#### Data extract:
++++++++++++++++++++

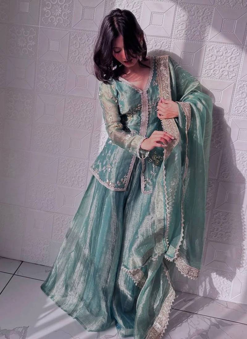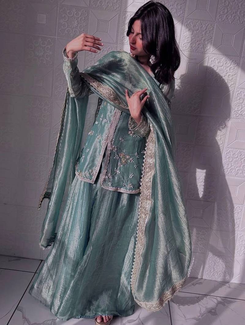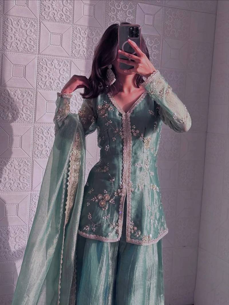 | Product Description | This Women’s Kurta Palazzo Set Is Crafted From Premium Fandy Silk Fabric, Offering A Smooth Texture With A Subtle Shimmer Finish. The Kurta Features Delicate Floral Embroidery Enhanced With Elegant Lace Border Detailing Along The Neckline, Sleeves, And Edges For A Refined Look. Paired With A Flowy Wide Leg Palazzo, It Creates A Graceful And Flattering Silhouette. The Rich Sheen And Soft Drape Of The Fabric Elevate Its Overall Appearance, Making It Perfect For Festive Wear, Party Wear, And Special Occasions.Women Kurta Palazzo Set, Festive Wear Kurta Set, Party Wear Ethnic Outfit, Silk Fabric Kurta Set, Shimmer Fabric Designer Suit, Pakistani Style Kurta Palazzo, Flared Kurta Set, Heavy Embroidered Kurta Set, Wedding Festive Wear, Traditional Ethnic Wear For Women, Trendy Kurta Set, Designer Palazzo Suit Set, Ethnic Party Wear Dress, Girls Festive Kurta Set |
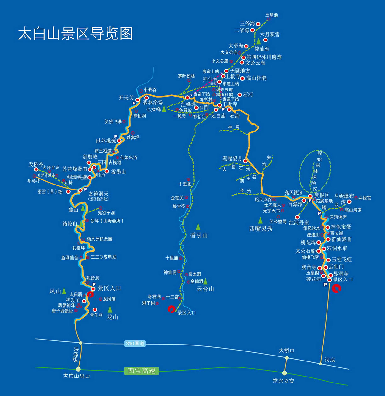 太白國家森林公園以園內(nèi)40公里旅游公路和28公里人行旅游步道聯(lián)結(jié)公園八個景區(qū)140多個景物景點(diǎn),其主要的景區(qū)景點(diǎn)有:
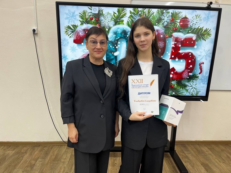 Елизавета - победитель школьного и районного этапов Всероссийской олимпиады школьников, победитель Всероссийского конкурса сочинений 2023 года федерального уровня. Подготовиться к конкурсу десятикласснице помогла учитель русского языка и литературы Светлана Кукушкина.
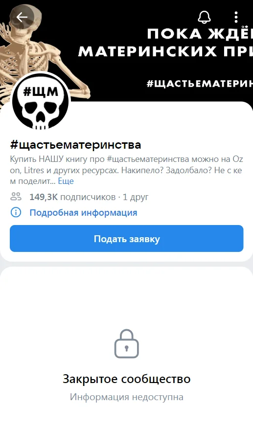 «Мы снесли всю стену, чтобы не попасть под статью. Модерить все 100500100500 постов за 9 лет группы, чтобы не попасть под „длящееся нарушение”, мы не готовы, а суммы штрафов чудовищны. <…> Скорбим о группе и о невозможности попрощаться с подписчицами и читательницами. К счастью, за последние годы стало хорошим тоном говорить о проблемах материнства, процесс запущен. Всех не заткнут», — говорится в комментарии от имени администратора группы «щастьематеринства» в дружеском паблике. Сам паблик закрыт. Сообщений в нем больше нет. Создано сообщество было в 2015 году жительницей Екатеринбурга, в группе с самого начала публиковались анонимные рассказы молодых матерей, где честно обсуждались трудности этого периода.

++++++++++++++++++++

#### Description of the task:
The whole listing should be printed again exactly as written, images excluded.

#### Solved problem:
 | Product Description | This Women’s Kurta Palazzo Set Is Crafted From Premium Fandy Silk Fabric, Offering A Smooth Texture With A Subtle Shimmer Finish. The Kurta Features Delicate Floral Embroidery Enhanced With Elegant Lace Border Detailing Along The Neckline, Sleeves, And Edges For A Refined Look. Paired With A Flowy Wide Leg Palazzo, It Creates A Graceful And Flattering Silhouette. The Rich Sheen And Soft Drape Of The Fabric Elevate Its Overall Appearance, Making It Perfect For Festive Wear, Party Wear, And Special Occasions.Women Kurta Palazzo Set, Festive Wear Kurta Set, Party Wear Ethnic Outfit, Silk Fabric Kurta Set, Shimmer Fabric Designer Suit, Pakistani Style Kurta Palazzo, Flared Kurta Set, Heavy Embroidered Kurta Set, Wedding Festive Wear, Traditional Ethnic Wear For Women, Trendy Kurta Set, Designer Palazzo Suit Set, Ethnic Party Wear Dress, Girls Festive Kurta Set |
 太白國家森林公園以園內(nèi)40公里旅游公路和28公里人行旅游步道聯(lián)結(jié)公園八個景區(qū)140多個景物景點(diǎn),其主要的景區(qū)景點(diǎn)有:
 Елизавета - победитель школьного и районного этапов Всероссийской олимпиады школьников, победитель Всероссийского конкурса сочинений 2023 года федерального уровня. Подготовиться к конкурсу десятикласснице помогла учитель русского языка и литературы Светлана Кукушкина.
 «Мы снесли всю стену, чтобы не попасть под статью. Модерить все 100500100500 постов за 9 лет группы, чтобы не попасть под „длящееся нарушение”, мы не готовы, а суммы штрафов чудовищны. <…> Скорбим о группе и о невозможности попрощаться с подписчицами и читательницами. К счастью, за последние годы стало хорошим тоном говорить о проблемах материнства, процесс запущен. Всех не заткнут», — говорится в комментарии от имени администратора группы «щастьематеринства» в дружеском паблике. Сам паблик закрыт. Сообщений в нем больше нет. Создано сообщество было в 2015 году жительницей Екатеринбурга, в группе с самого начала публиковались анонимные рассказы молодых матерей, где честно обсуждались трудности этого периода.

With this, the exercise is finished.